You've been told what the problem is, and you've been told how to correct it.

If you can't find your way to do that, it's on you and no one else.

No one here is required to hold your hand or lead you to it.

All anybody can do is give you the information, to the best of their ability.

YOU are the one that has to make it work for you.

And if you just don't have the ability to do that, for whatever reason... it's not anyone else's place to keep you afloat, and make sure you get where you want to be.

So stand on your own two feet, and quit leaning so hard on everyone else and expecting them to carry you.



G.D.


----------



## DarkGhost (Feb 12, 2019)

Hey Pony, someone with the know how could probably make one from parts bought at Radio Shack. And it doesn’t take a rocket scientist, just consider that for a moment. D.G


----------



## ironpony (Feb 12, 2019)

Okay thanks, but I wasn't asking about how to make a tracking device or what to use for one.  I was asking if the situation is too coincidential or convenient for the reader as to how the main character locates the next spot for the next kidnapping.


----------



## Guard Dog (Feb 12, 2019)

ironpony said:


> I was asking...



Yep. And according to the 242 threads I found, that you've started since 2015 - on the same story - that's about all you do.

You don't really contribute anything at all, do ya?

It's all about getting people to answer questions about _your story_ and helping you work it out.
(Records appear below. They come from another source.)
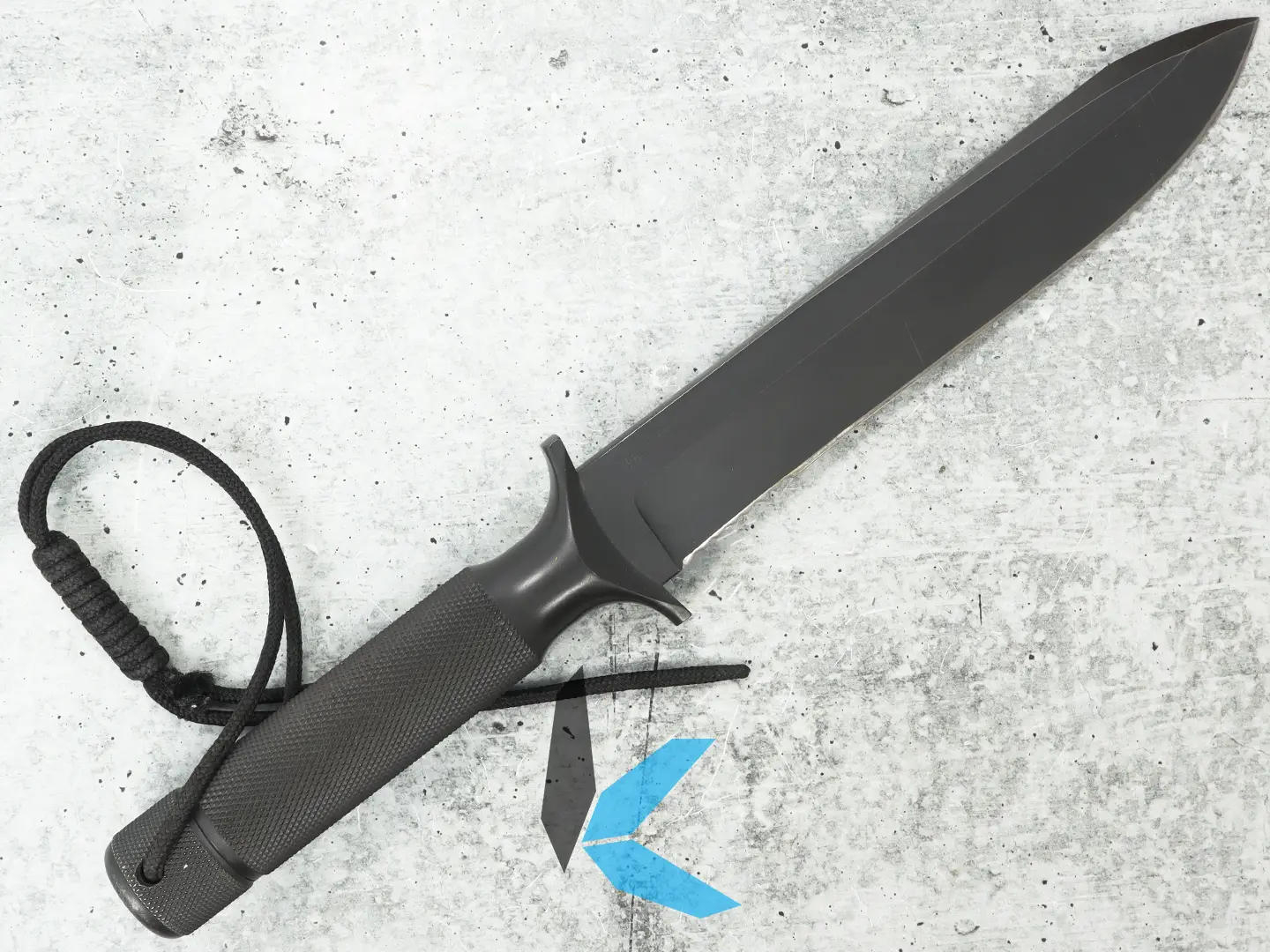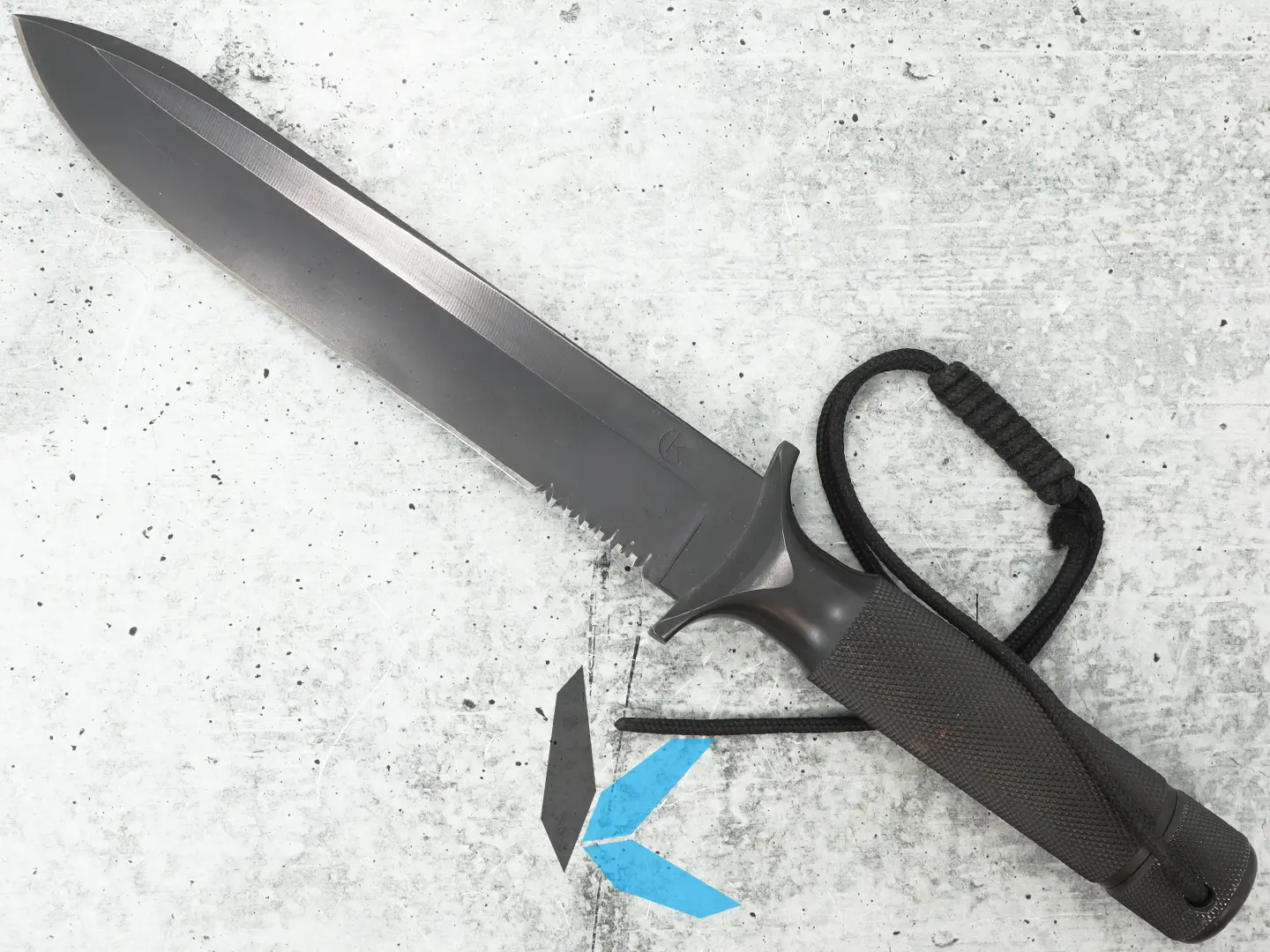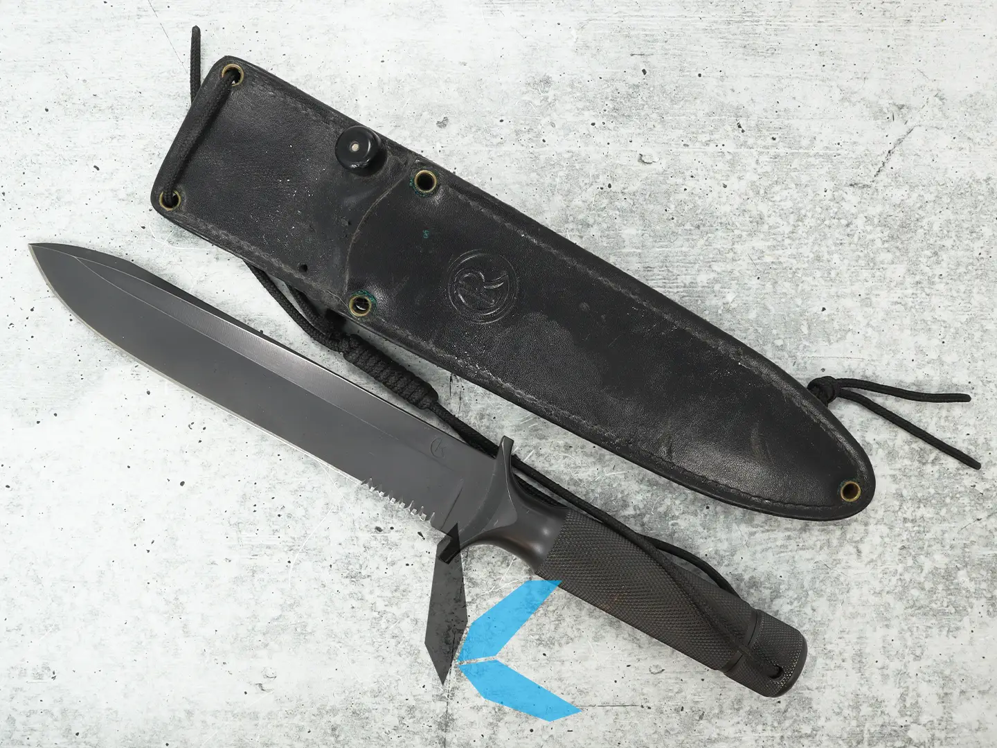 This used Project I spear point knife was designed with Sgt. Karl Lippard, USMC, to meet the demanding needs of Marines. Its 7.5″ A2 tool steel blade excels at chopping, digging, and cutting, while the wave serrations handle cord and harness with ease. The 2″ cross guard includes a night index for tactile orientation. Balanced and robust, this knife comes with a symmetrical leather sheath for left- or right-hand carry.
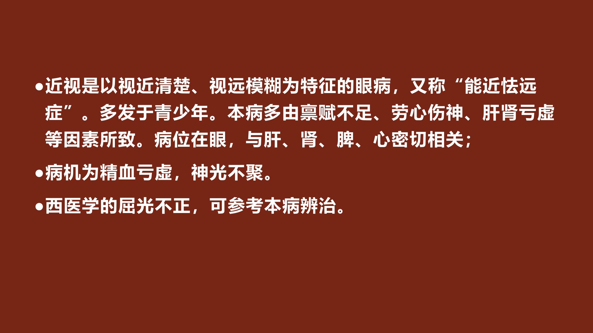 五官科病证近视近视是以视近清楚、视远模糊为特征的眼病,又称“能近怯远症”。多发于青少年。本病多由禀赋不足、劳心伤神、肝肾亏虚等因素所致。病位在眼,与肝、肾、脾、心密切相关;病机为精血亏虚,神光不聚。西医学的屈光不正,可参考本病辨治。平行光线聚焦在视网膜之前导致的视物模糊受遗传、环境因素综合影响,具有家族聚集性看远处物体时视物模糊,近处视力正常配戴框架眼镜、角膜接触镜或手术治疗【辨证】主症视近物清楚、视远物则模糊。证型肝肾两虚者兼见失眠健忘,头晕耳鸣,腰膝酸软,两目干涩,舌淡、苔薄,脉细弱或弦细;气血不足者兼见神疲乏力,纳呆便溏,头晕心悸,面色不华,舌淡、苔薄白,脉细弱;心阳不足者兼见面色㿠白,...
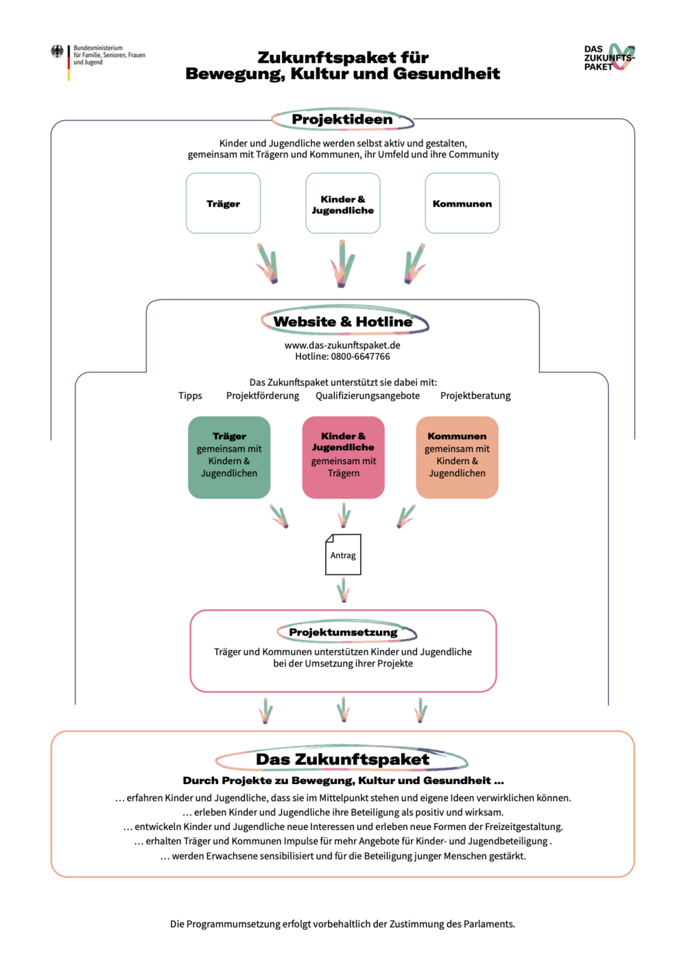 Das Ziel des Programms ist es, Kindern und Jugendlichen Raum für Teilhabe und Engagement zu geben und den psychischen Belastungen der letzten Jahre entgegen zu wirken. Es geht um kulturelle Bildung, Gesundheit und Zusammenhalt. Konkret kann das Geld z.B. für Festivals, Aufführungen, Sportturniere, Freizeiten oder Begegnungsräume verwendet werden. Dabei sind Personal- und Sachausgaben förderfähig. Wer Inspirationen für mögliche Projekte sucht, findet diese und weitere Informationen auf www.das-zukunftspaket.de.
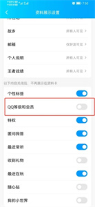5、在里面找到【QQ等级和会员】这个功能,把后面的蓝色按钮关闭;
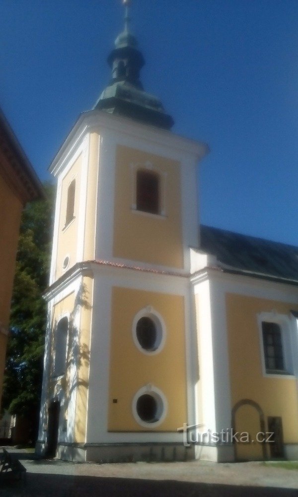 Na místě dnešního kostela stával dřevěný kostelík patrně již ve 12. století. Původně románský kostel byl na konci 14. století přestavěn na gotický. V roce 1646 byl kostel přestavěn barokně a v roce 1774 baly přistavěna kaple na severní straně.
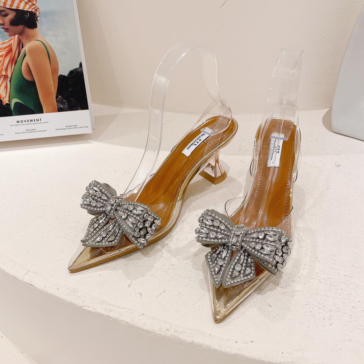 Xibeilove летние новые женские модные остроносые прозрачные босоножки из ПВХ с бантом и стразами на высоком каблуке 35

Why do I get the feeling that if I left here right now, and came back 5 years later, you'd still be right where you are, doing the same thing, concerning the same story?




G.D.


----------



## epimetheus (Feb 12, 2019)

Guard Dog said:


> Yep. And according to the 242 threads I found, that you've started since 2015 - on the same story - that's about all you do.



Got to agree.

Asking technical questions in science and maths fora will only yield a few vague hints towards an answer. It's not that they don't want to be useful, but you really need to work this stuff out for yourself. It's painful, bashing your head against a single problem for weeks sometimes, but figuring it out for yourself actually develops your craft. Seldom are there definitive answers in artistic processes like writing, but the same ethos should apply.


----------



## moderan (Feb 12, 2019)

ironpony said:


> Okay, well from now on when I want to ask about a section in the plot I can post it directly from the screenplay, in the workshop if that's better.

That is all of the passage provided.